Investing in commercial real estate is one of the more effective ways to achieve the American dream. After all, you may either operate a lucrative business from the property or lease it to someone else who does. If you are new to the commercial real estate game, though, you may find it to be considerably different than residential real estate.
Buying a residential property requires taking several steps. Because commercial properties have a variety of uses, there are often additional issues you must address. Here are three ways commercial closings often differ from residential ones.
1. The parties
When buying a home, there are usually three critical parties: the buyer, the seller and the lender. With commercial real estate, the property may have many individual or corporate owners. Each of these, of course, may have independent interests and objectives. Likewise, your transaction may require a specialized real estate agent, appraiser and inspector.
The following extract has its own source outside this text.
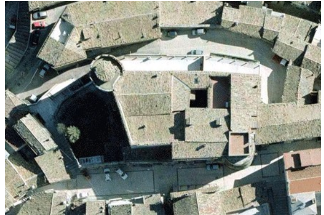
.. oggi .

Il Castello presenta la classica posizione topografica: è ubicato al centro del tipico rione medioevale da cui si dipanano i vicoli, lungo i quali si sviluppa la parte feudale del paese con case arroccate l'una all'altra;

While it is common for residential real estate to undergo an inspection before closing, commercial property often must comply with stricter regulations. That is, before purchasing the property, you must be certain it is safe and fit for its intended use. You may also need a land survey before closing on your commercial property.
3. Due diligence
You would likely never purchase a business without ensuring it is solvent and profitable. When it comes to commercial real estate, you must also perform extensive due diligence. Specifically, you must be sure the property is free of encumbrances, deficiencies and other vulnerabilities.
Before purchasing any piece of commercial real estate, you must ultimately have a firm grasp of your legal liabilities, financial obligations and all other potential issues. Consequently, you can expect closing on a commercial deal to take substantially longer than purchasing a residential dwelling.